All of lore.kernel.org
 help / color / mirror / Atom feed
* [PATCH v4 00/27] Recover from failure to probe GPU
@ 2023-01-03 22:18 ` Mario Limonciello
  0 siblings, 0 replies; 102+ messages in thread
From: Mario Limonciello @ 2023-01-03 22:18 UTC (permalink / raw)
  To: Alex Deucher
  Cc: Javier Martinez Canillas, Carlos Soriano Sanchez, amd-gfx,
	dri-devel, David Airlie, Daniel Vetter, christian.koenig,
	Lazar Lijo, Mario Limonciello, linux-kernel

One of the first thing that KMS drivers do during initialization is
destroy the system firmware framebuffer by means of
`drm_aperture_remove_conflicting_pci_framebuffers`

This means that if for any reason the GPU failed to probe the user
will be stuck with at best a screen frozen at the last thing that
was shown before the KMS driver continued it's probe.

The problem is most pronounced when new GPU support is introduced
because users will need to have a recent linux-firmware snapshot
on their system when they boot a kernel with matching support.
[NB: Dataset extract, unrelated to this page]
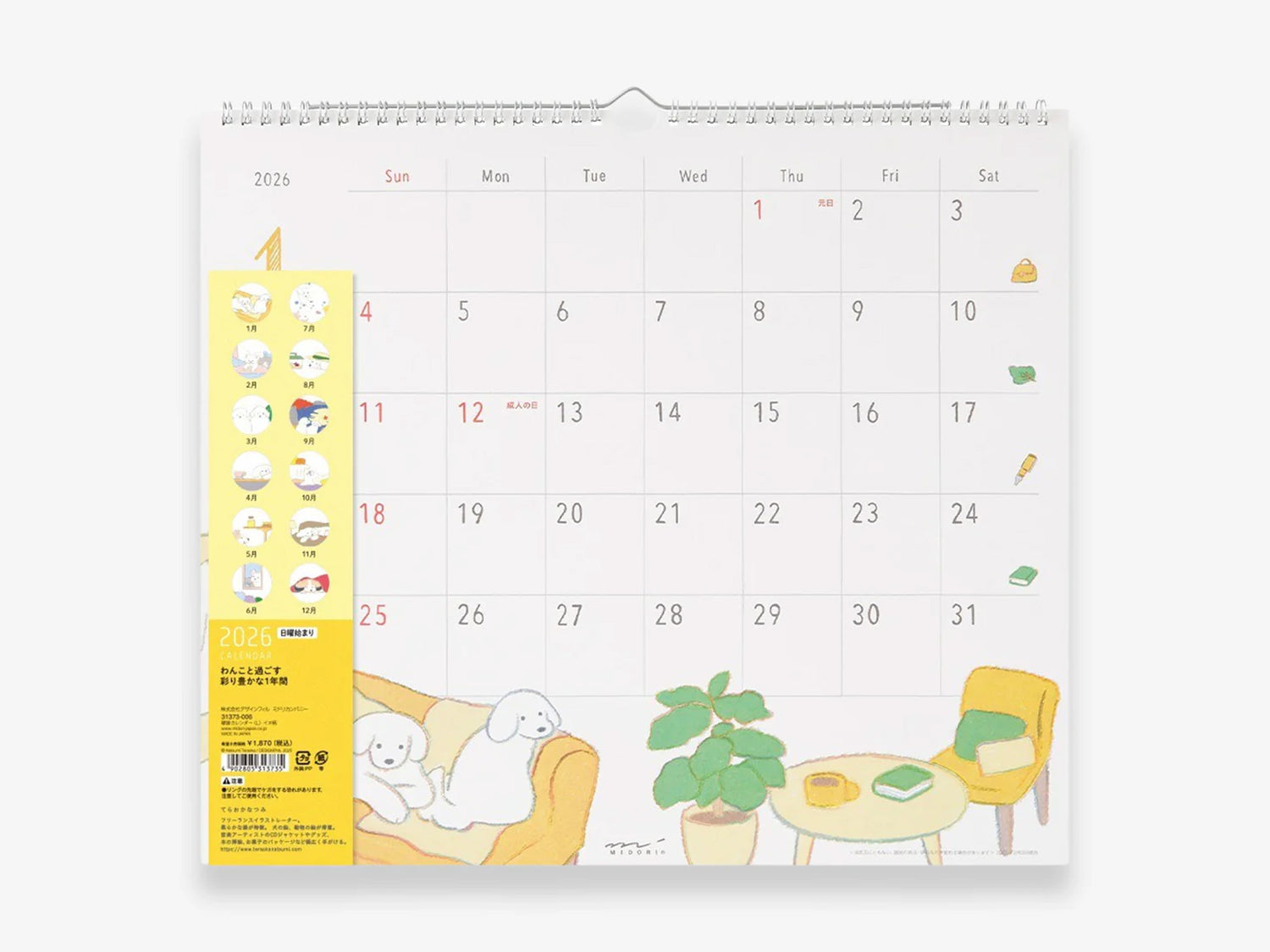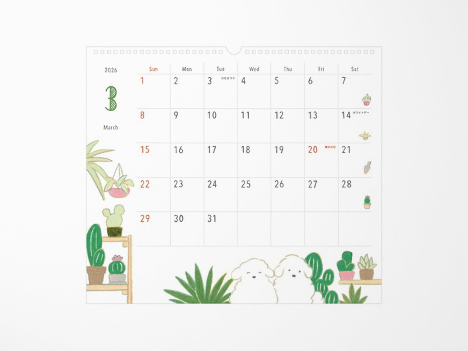 This calendar features colorful illustrations of adorable dogs of all breeds, created by popular illustrator Natsumi Terao. Along with scenes reminiscent of a page from a story, the calendar is designed to refresh your sense of season with each turn of the page. The vivid colors and rainbow-hued outlines of these adorable dog illustrations fill the entire page, creating a layout that meticulously crafted. Even the finer details, such as the lines and date numbers, which at first glance appear to be a font, are hand-drawn. The subtle variations in line intensity, unique to hand-drawn art, create a warm and inviting feel within the simple design.

However the problem is further exaggerated in the case of amdgpu because
it has migrated to "IP discovery" where amdgpu will attempt to load
on "ALL" AMD GPUs even if the driver is missing support for IP blocks
contained in that GPU.

IP discovery requires some probing and isn't run until after the
framebuffer has been destroyed.

This means a situation can occur where a user purchases a new GPU not
yet supported by a distribution and when booting the installer it will
"freeze" even if the distribution doesn't have the matching kernel support
for those IP blocks.

The perfect example of this is Ubuntu 22.10 and the new dGPUs just
launched by AMD.  The installation media ships with kernel 5.19 (which
has IP discovery) but the amdgpu support for those IP blocks landed in
kernel 6.0. The matching linux-firmware was released after 22.10's launch.
The screen will freeze without nomodeset. Even if a user manages to install
and then upgrades to kernel 6.0 after install they'll still have the
problem of missing firmware, and the same experience.

This is quite jarring for users, particularly if they don't know
that they have to use "nomodeset" to install.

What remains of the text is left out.